Семен Матвеич сыпал такого рода фразы до тех пор, пока мы оба не были совершенно готовы и не вышли в сени. Здесь вверху над срубом виднелась почернелая труба, жерди с тряпками, сплюснутые березовые веники. По углам, в плетенных из соломы лукошках, сидели, съежившись, куры и ворчали чуть слышно спросонок.

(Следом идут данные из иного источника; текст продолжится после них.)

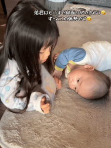 弟くんが大好きな娘さんは、弟くんが泣けば、誰よりも早く駆けつけ、トントンしたり、手を繋いだり、歌ったりしてくれるほど可愛がっているといいます。

— Куда? — раздалось с полу…
Семен Матвеич нагнулся.
— Отец дьякон?
— Я. Что, друзья, глаз сомкнуть не могу…
— Что так?
— Да вы послушайте, что это такое…
Издали слышался свирепейший, ожесточенный храп Медникова.
— Ведь это как угодно! — говорил дьякон, сердито завертываясь с головой в овчинный тулуп.
Улыбаясь потихоньку, Семен Матвеич вытащил из какой-то трещины между бревнами перепелиные дудки и сети, и мы вышли. На топком дворе валялось перевернутое корыто; кучами лежали и похрюкивали от холода маленькие пестрые поросята, стараясь сдвинуть головы в одно место. Под сараем спали овцы, из которых некоторые, заслышав стук двери, подняли головы и заблеяли…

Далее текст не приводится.